In the last blog post, about booting the upstream kernel on Inforce 6640, I mentioned that there was an interesting issue with ftrace that led to a form of debug-by-rebooting approach, and that is worth a blog post. Of course it only took me 1 year+ to write it (!) – so apologies for this huge delay, and let’s debug some early boot failures!
First of all, a reminder of what was the issue: in an attempt to boot the upstream kernel on the Inforce 6640 board, I found that for some reason ftrace doesn’t work in such a setup, starting around kernel 5.7 – bisect wasn’t precise, even talking with the ftrace maintainer on IRC didn’t provide many clues (since more debugging was required).
In order to be accurate and provide up-to-date results, I re-tested this with kernel v6.2-rc7 and…same issue is observed, the kernel just can’t boot with ftrace, and not a single hint is provided in serial console!
A parenthesis here: kernel 6.2-rc7 does boot on inforce 6640, but with no graphics (likely some changes in the msm driver), having some SCSI timeouts on boot time (sd 0:0:0:0: [sda] tag#13 timing out command, waited 120s) and…no USB(!), unless the “old” device-tree (from v5.16) is used – I think it’s related with some dwc3/usb changes merged on qcom device-trees. But anyway, this might be a topic for a whole new blog post, so let’s get back to debugging early boot issues.
Once we face a completely empty serial output after the usual bootloader messages, a basic question comes up: has the kernel even booted? In other words, more technically meaningful: did the bootloader properly load the kernel and jump to the code? Did the kernel code effectively start execution?
The first idea is always “let’s print something”, but how, if I don’t know where I’d put the print statement? Not to mention…that super early code has nothing initialized, so even a printk could be “too much” for such code. Hence, the only alternative seemed to me…to reboot the machine from kernel code! With that, at least I’d validate that kernel code was running. And thinking about that…I even extended this logic: if I can reboot the kernel, I could kinda bisect the code to determine where the failure is.

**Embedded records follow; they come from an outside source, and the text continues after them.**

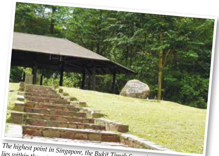
The highest point in Singapore, the Bukit Timah Summit (163.63 metres), lies within the nature reserve
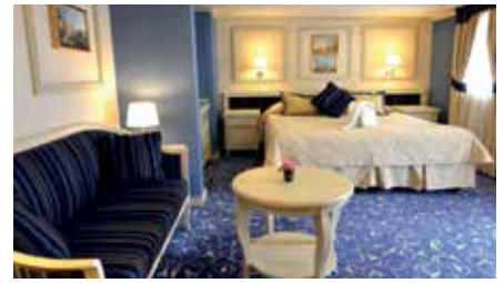
SERENISSIMA SUITE (25 square metres)
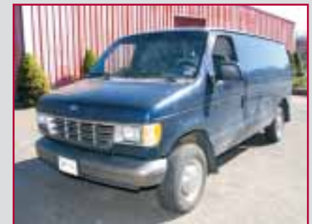
1993 FORD CARGO VAN
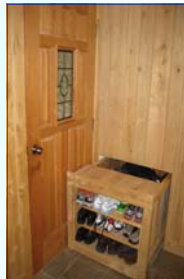
Designed w/ Space Saving' in mind!
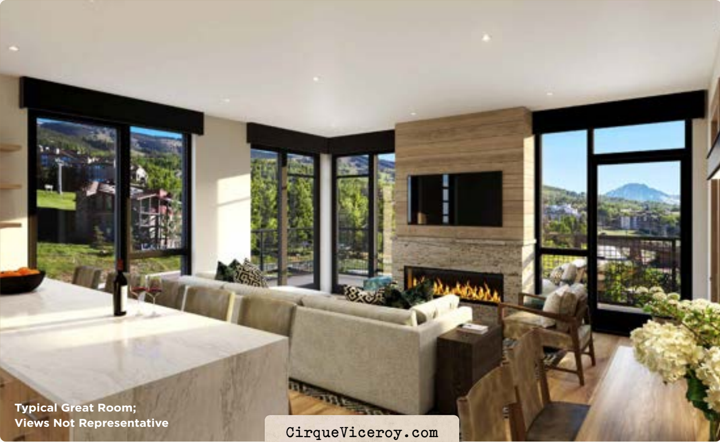
Typical Great Room; Views Not Representative
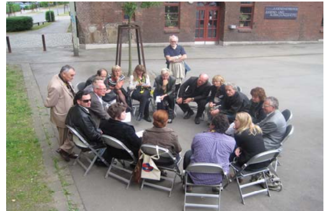
Event: Workshop on Roma integration
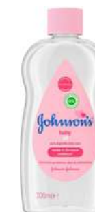
JOHNSON BABY REGULAR OLI 300ML
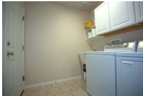
Laundry Room Is on Main Floor near Master Bedroom. Has Laundry Sink. Door Leads to Garage So the Room Doubles As a Mud Room.
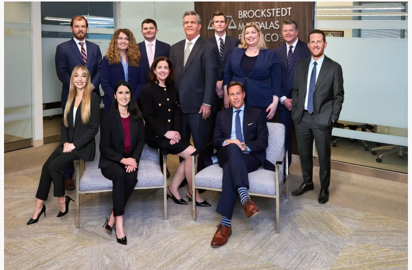
Medical Malpractice Team at BMF
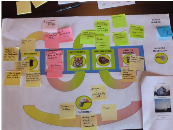
Fig. 1. Impression from the Business Zoo workshop (animal gathering canvas development).
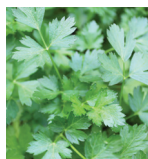
Parsley (herb) full to part sun
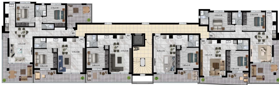
5 th FLOOR
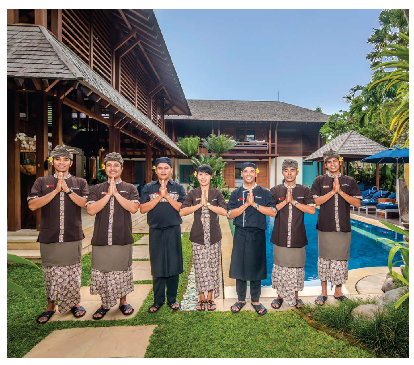
The friendly staff of Villa Windu Sari.

FRV goes behind a gate just off Jalan Petitenget to discover luxury, comfort, taste and style at Villa Windu Sari.
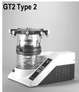
GT2 Type 2

Pos.: 2, 2x3, 4-7, 10, 11, 12, 4x14, 16, 8x18
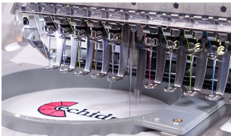
Auto 12 Needles
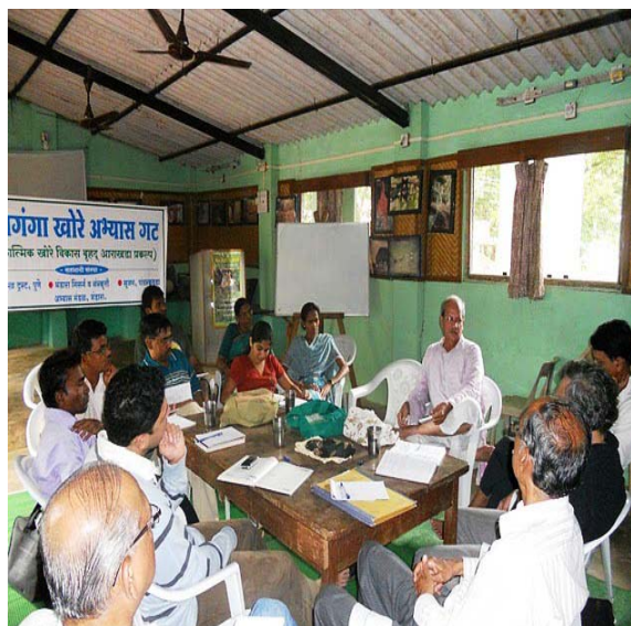
Meeting with Stakeholders regarding types of data to be collected

data like rainfall – autographic rain gauge and standard rain gauge stations, computed discharge, water level, evaporation, daily temperature, humidity, wind speed and wind direction, etc. for various locations in the Wainganga basin since 1994 (or since inception of the monitoring station) has also been obtained. The Watershed maps for the relevant sub-basins of the Wainganga project area have also been obtained.
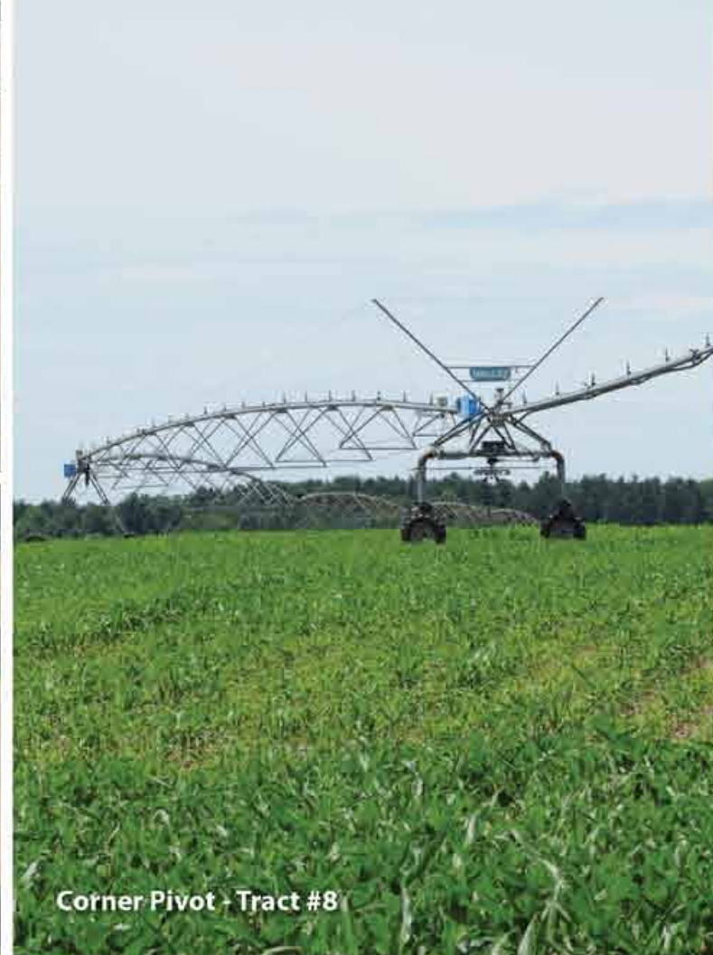
Corner Pivot - Tract #8
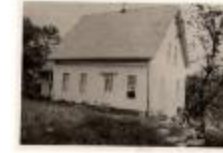
Photograph of Nathaniel S. Brown House, undated (Coll. 003 Fold. 067 Photo 002)
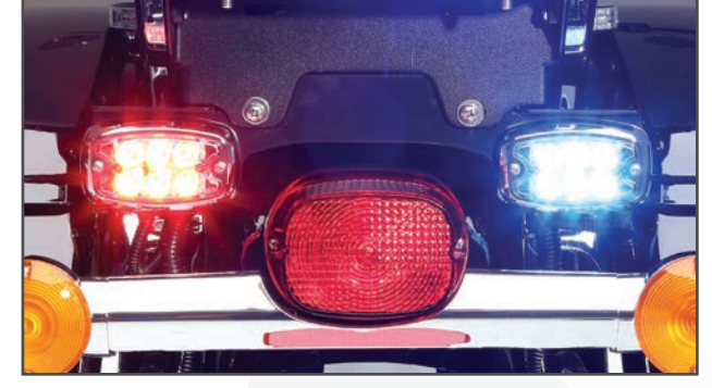
License Plate Bracket for horizontal mount of two lightheads M2KTHD1
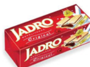
SLOBODA 04045 JADRO WAFERS 6/860g UPC - 3850120295865
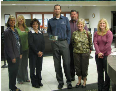
River Cities Staff with the Backers

River Cities Bank visit at 5709 Windy Drive, Ste A, Stevens Point (715) 342-4400 www.rivercitiesbank.com
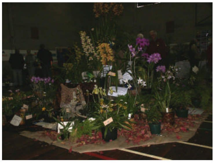
Club Display At the SAROC Fair

10 December 2002 Main & Species Groups combined12 Dec 2002 Daytime Group
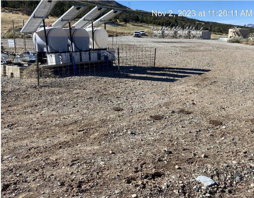
Location from Southeast corner
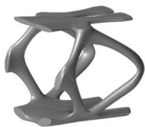
Optimized unit cell result for single plane shear on three consecutive unit cells in Inspire
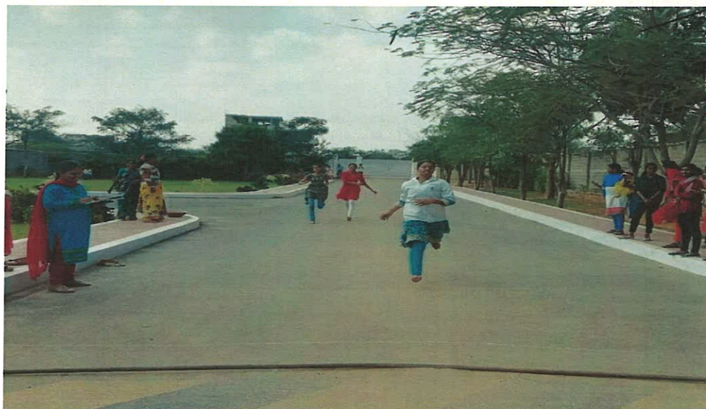
NATIONAL PHARMACY WEEK- RUNNING COMPETITION
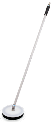
Trench Drain Foaming Attachment DFA-TR7

Color coded cap and jug body options make chemical identification easy.
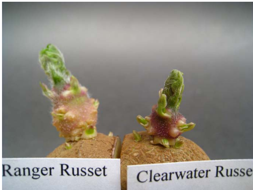
Potato: 'Clearwater Russet' (right) with reference variety 'Ranger Russet' (left)

Proposed denomination: 'Emma' Application number: 07-6046 Application date: 2007/11/16 Applicant: Irish Potato Marketing Limited, Dublin, Ireland
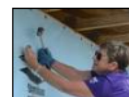
Women Work on a Habitat for Humanity
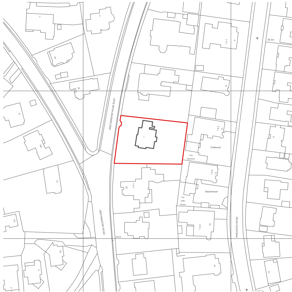
001 | site location plan | 1:1250 @ A3
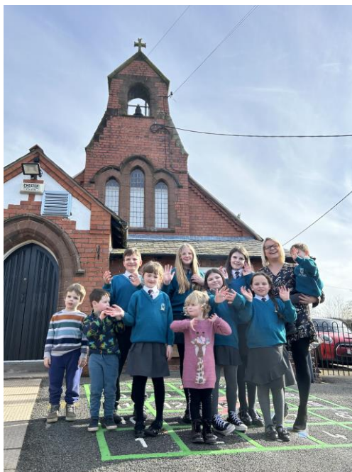
St Paul's School Utkinton- ThankYou

One question remains though – how to reboot a kernel so early?
Rebooting/shutdown is definitely a non-trivial task. By checking the kernel code (here, for example), one can see it’s full of callbacks to the architecture code; naturally, it’s a platform/arch low-level process. Checking machine_restart() under arch/arm64, we can see it goes through EFI calls (if EFI is supported). Noticing I was walking an unknown and potentially daunting path, the decision was to first seek help on IRC, and that brought me gold: Marc Zyngier (the ARM64 maintainer) presented me PSCI (Power State Coordination Interface) – if my device’s firmware supports this specification (and Inforce 6640 does!), I could issue a PSCI reset SMC (Secure Monitor Call) to get a board reset. In other words, with some assembly instructions I could perhaps reboot the kernel! Marc even provided me information about the register I should write, and after some tinkering (and more code study), I came up with this function:
This was first tested as an alternative way for the sysrq-b reset handler, and that worked like a charm! Now, where to plug such code in kernel early path? Entry point seems to make sense, so I tried this hack on head.S:
And voilá! With that, the kernel was bootlooping…meaning the board reached kernel code, so the first question was answered and debug could proceed! I decided to take a lucky step and jump directly to start_kernel(), which is C code and way easier to play with no fears of causing another issue while debugging! And the lucky step paid off: kernel was indeed executing that function. So, through a set of attempts using the arm64_smc_reset() above and commenting the results, I got the following “bisect” from the code:
It was a bit ugly to see the diff above in code, hence I’ve added as an image. Basically, it tells us the issue likely happens in setup_machine_fdt(), and by digging more (with more “bisect” reboots), I found the issue happens in fdt_check_header(). Now, as a next step I really wanted to print some values from the guilty function, but using the kernel command-line earlycon didn’t help – it turned out this is not early enough.
But what if I could write a very simple really early console, or even an easier approach: copy/port the earlycon code for this board to a bit “earlier” point in the code? And that’s what I tried next: by inspecting (and instrumenting) the msm_serial driver, I came up with this following alternative (a big code snippet here would be just terrible to read, so uploaded the patch instead): https://people.igalia.com/gpiccoli/arm64-really-early-console-msm-qcom.patch
Notice the code is quite hacky – it ports the __msm_console_write() function with a pre-configured MMIO address for the serial port to early arch code. But despite the code being merely a “mock-up”, using it with sprintf() (for formatting) allowed me to print stuff, which was quite nice! Unfortunately I didn’t have time to debug the ftrace issue more in this board – I guess the best path forward would be first to submit a proper ifc6640 device-tree, and then follow with the debug. I think it’s likely related to the bootloader version and kernel/DT offsets, so that’s not an easy debug and definitely it’d be time-consuming.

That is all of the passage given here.